**DATA EXCERPTS**
**********

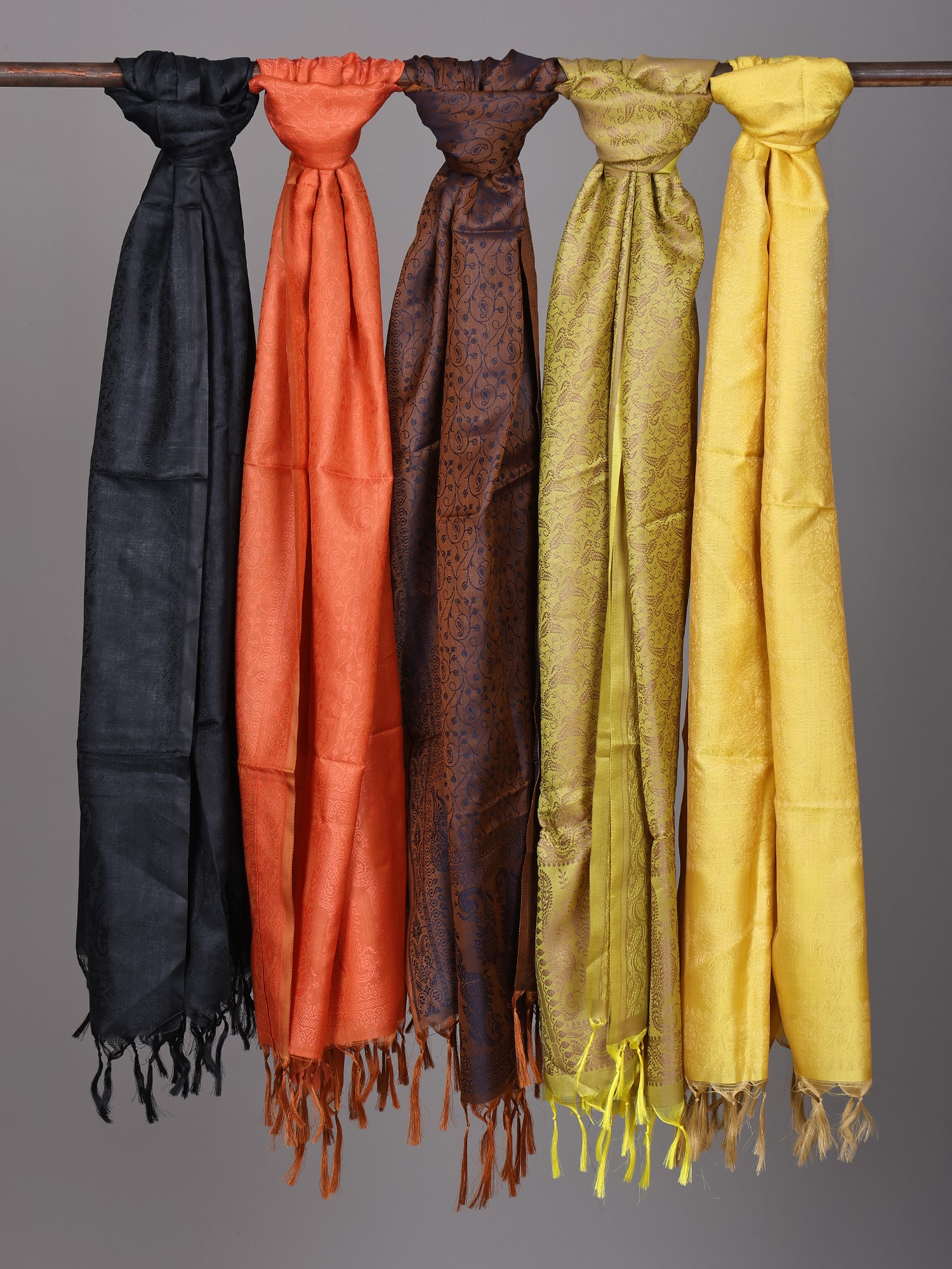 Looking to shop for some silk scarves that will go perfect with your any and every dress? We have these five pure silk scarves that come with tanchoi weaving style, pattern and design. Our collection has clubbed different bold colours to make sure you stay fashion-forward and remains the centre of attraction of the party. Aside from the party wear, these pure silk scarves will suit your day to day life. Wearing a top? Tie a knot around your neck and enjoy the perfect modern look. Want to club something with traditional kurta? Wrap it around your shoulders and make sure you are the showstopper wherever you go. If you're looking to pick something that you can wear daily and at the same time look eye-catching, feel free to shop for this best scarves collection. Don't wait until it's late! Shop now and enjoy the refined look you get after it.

**********

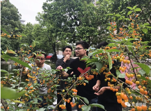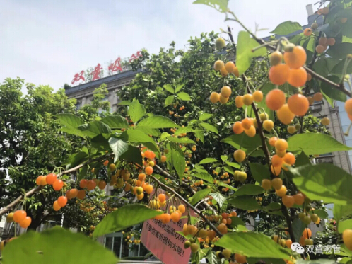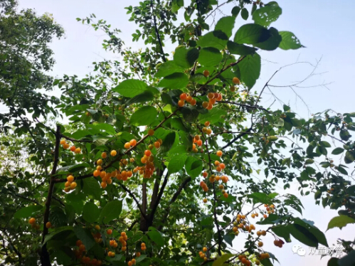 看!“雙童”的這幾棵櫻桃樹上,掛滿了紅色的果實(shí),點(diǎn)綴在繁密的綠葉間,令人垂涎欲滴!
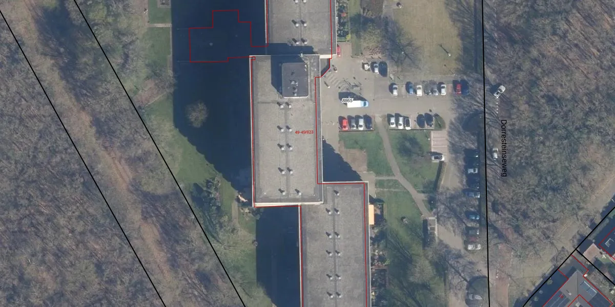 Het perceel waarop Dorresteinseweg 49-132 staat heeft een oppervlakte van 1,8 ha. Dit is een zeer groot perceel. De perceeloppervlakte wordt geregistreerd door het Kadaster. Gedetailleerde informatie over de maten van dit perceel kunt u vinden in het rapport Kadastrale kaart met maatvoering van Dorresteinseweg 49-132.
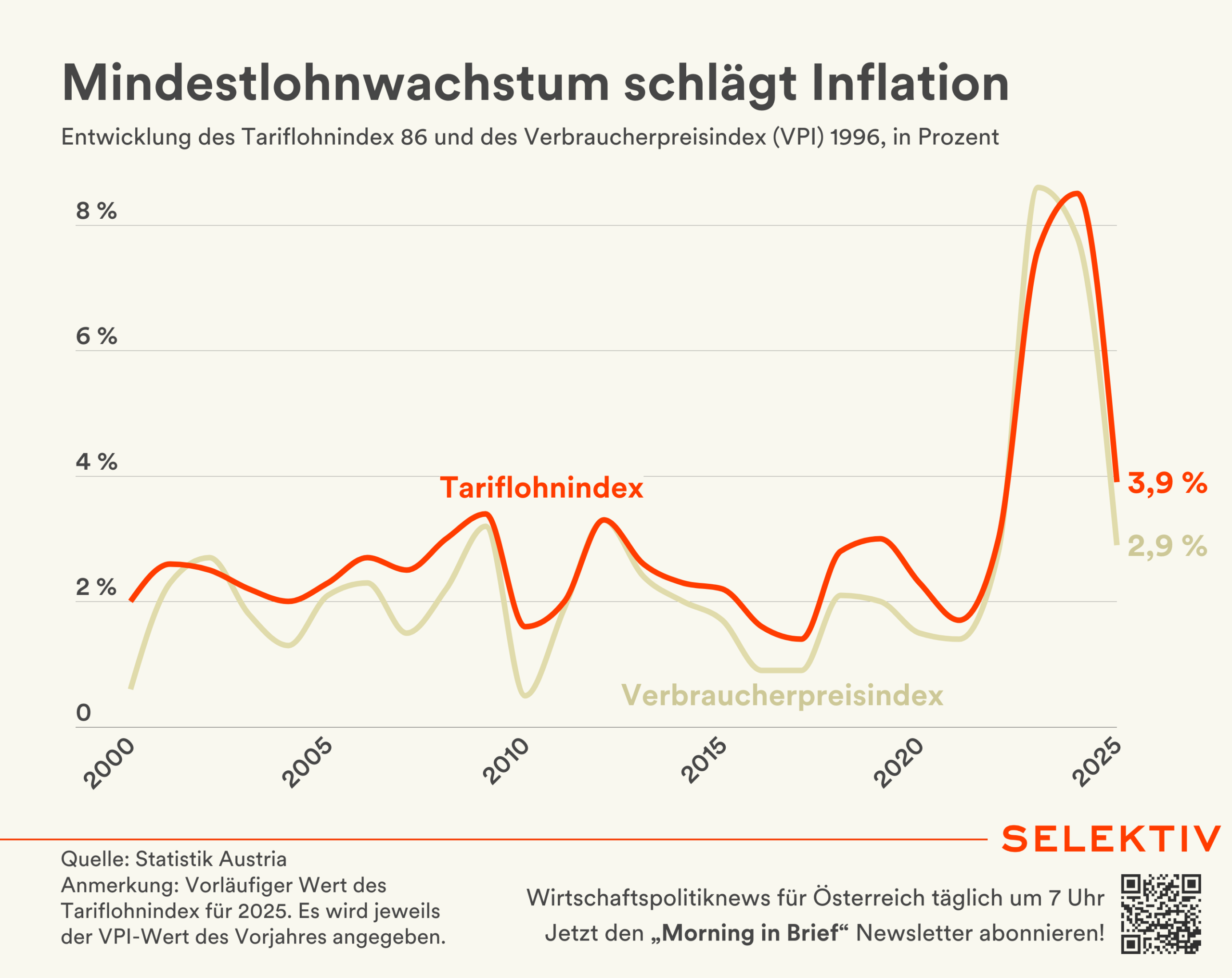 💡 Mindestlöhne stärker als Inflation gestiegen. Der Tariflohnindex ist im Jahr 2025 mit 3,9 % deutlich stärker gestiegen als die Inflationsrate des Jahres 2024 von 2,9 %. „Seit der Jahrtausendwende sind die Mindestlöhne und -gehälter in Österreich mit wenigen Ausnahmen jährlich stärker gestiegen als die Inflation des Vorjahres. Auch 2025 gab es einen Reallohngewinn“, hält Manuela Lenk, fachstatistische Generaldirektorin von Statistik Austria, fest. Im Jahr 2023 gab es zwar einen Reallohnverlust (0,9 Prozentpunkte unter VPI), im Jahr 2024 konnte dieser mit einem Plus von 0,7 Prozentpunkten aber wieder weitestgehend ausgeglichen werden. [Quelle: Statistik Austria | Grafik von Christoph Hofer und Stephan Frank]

**********

**TASK OBJECTIVE**
Within the listing above, print exactly the stretch beginning at the line that contains "Het perceel waarop" and finishing at the line that contains "und Stephan Frank]", ends kept, pictures left out, and nothing more.

**FINISHED TASK**
 Het perceel waarop Dorresteinseweg 49-132 staat heeft een oppervlakte van 1,8 ha. Dit is een zeer groot perceel. De perceeloppervlakte wordt geregistreerd door het Kadaster. Gedetailleerde informatie over de maten van dit perceel kunt u vinden in het rapport Kadastrale kaart met maatvoering van Dorresteinseweg 49-132.
 💡 Mindestlöhne stärker als Inflation gestiegen. Der Tariflohnindex ist im Jahr 2025 mit 3,9 % deutlich stärker gestiegen als die Inflationsrate des Jahres 2024 von 2,9 %. „Seit der Jahrtausendwende sind die Mindestlöhne und -gehälter in Österreich mit wenigen Ausnahmen jährlich stärker gestiegen als die Inflation des Vorjahres. Auch 2025 gab es einen Reallohngewinn“, hält Manuela Lenk, fachstatistische Generaldirektorin von Statistik Austria, fest. Im Jahr 2023 gab es zwar einen Reallohnverlust (0,9 Prozentpunkte unter VPI), im Jahr 2024 konnte dieser mit einem Plus von 0,7 Prozentpunkten aber wieder weitestgehend ausgeglichen werden. [Quelle: Statistik Austria | Grafik von Christoph Hofer und Stephan Frank]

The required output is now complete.